Le drame de la petite Belgique qui se veut le « meilleur élève de l’Europe » en étant une économie ouverte sinon offerte, est justement sa faiblesse. Depuis l’affaire du holding Société générale en 1988, toute l’économie financière belge a été transférée à l’étranger : la Société générale a été absorbée par Suez (Paris), la banque Fortis est devenue BNP Paribas Fortis (Paris), la banque de Bruxelles est reprise par ING (Amsterdam). À partir du moment où les centres de décision se trouvent en dehors de la Belgique, il est clair que ces entreprises échappent à tout contrôle.

Tout le monde a été étonné de la brutalité de la décision d’ING qui a été transmise aux délégués syndicaux belges, à savoir pour la Belgique quelque 3.500 pertes d’emplois dont 1.700 licenciements secs et fermeture de 600 agences à travers le pays.

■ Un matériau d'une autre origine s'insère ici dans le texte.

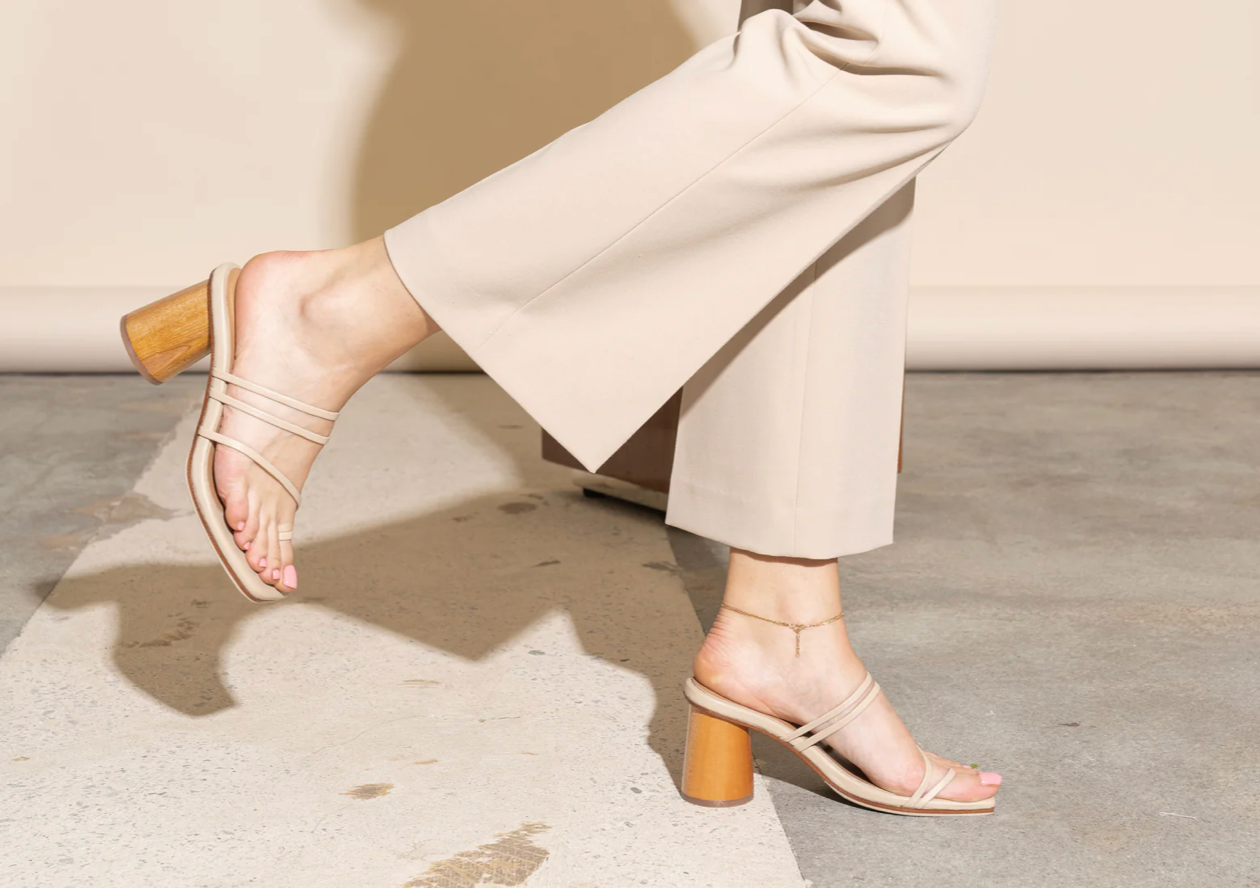 Introducing the James Smith - Taormina Toe Strap Sandal, the fresh and minimalistic staple you didn't know you needed! This sleek and gorgeous sandal features a square toe, cylindrical wooden mid-block heel, slim leather front straps and a toe strap. It's such an easy sandal to slip on and adds a chic touch to any outfit. Wear it with a floaty midi dress and a mini handbag to match for a summery day look!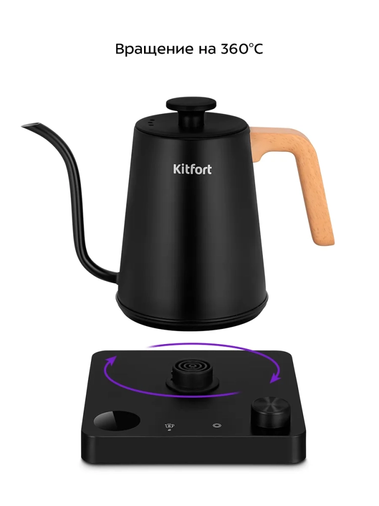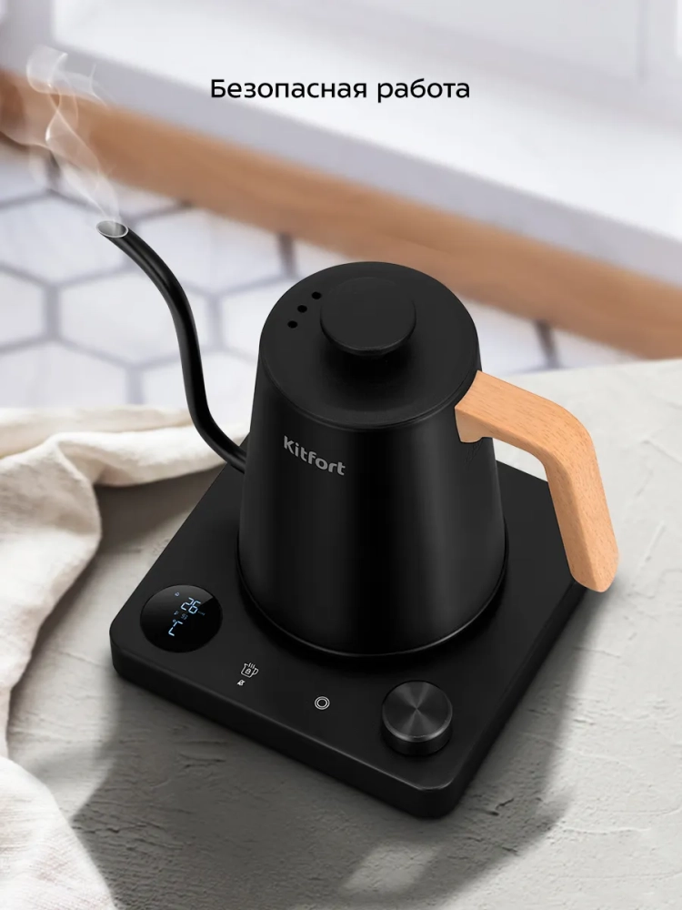 Электрический чайник для варки кофе Kitfort КТ-6726 предназначен для кипячения и нагрева воды, а также приготовления кофе способами кемекс или пуровер. Чайник может нагреть воду до температур от 40 до 100 °С, что очень удобно при приготовлении детского питания и заваривании кофе и различных сортов чая. Чайник также оснащен функцией поддержания температуры. Температура воды контролируется встроенным в дно чайника термодатчиком. Мощность чайника позволяет использовать его в домах со слабой проводкой.

Calicot exprimant clairement l'avis des travailleurs devant le siège social d'ING à Bruxelles

Calicot exprimant clairement l'avis des travailleurs devant le siège social d'ING à Bruxelles

Pourtant, ce n’est pas nouveau. ING a subi plusieurs licenciements massifs

. - Début 1998, la banque belge BBL, issue de la fusion entre la Banque Lambert et de la Banque de Bruxelles en 1975, est rachetée par le groupe ING. Fin des années 90, le groupe néerlandais ING, créé en 1991, étend ses activités et son réseau en reprenant une série de banques (BBL, BHF-Bank, Banque Slaski, DiBa Bank) et des assureurs aux USA notamment.

- 2001: constitution de Record Bank, filiale belge au sein du groupe ING.

- 2003: la BBL, filiale d'ING, disparaît de l'environnement belge et devient ING Belgique S.A.

- 2005: ING rationalise son IT et supprime 450 emplois dont 50 en Belgique.

- Fin 2007-2008: la crise financière touche le secteur bancaire et ING n'échappe pas au phénomène planétaire. L'Etat néerlandais injecte 10 milliards d'euros dans le groupe, qui doit en contrepartie s'assainir et se désengager d'une partie de ses activités sur injonction de la Commission européenne.

- Novembre 2007: ING réforme son réseau d'agences et supprime 850 emplois en Belgique. ING réoriente ses activités vers plus de "direct banking" via internet et les centres d'appels. Quelque 850 emplois (équivalents temps-plein) sont supprimés en Belgique.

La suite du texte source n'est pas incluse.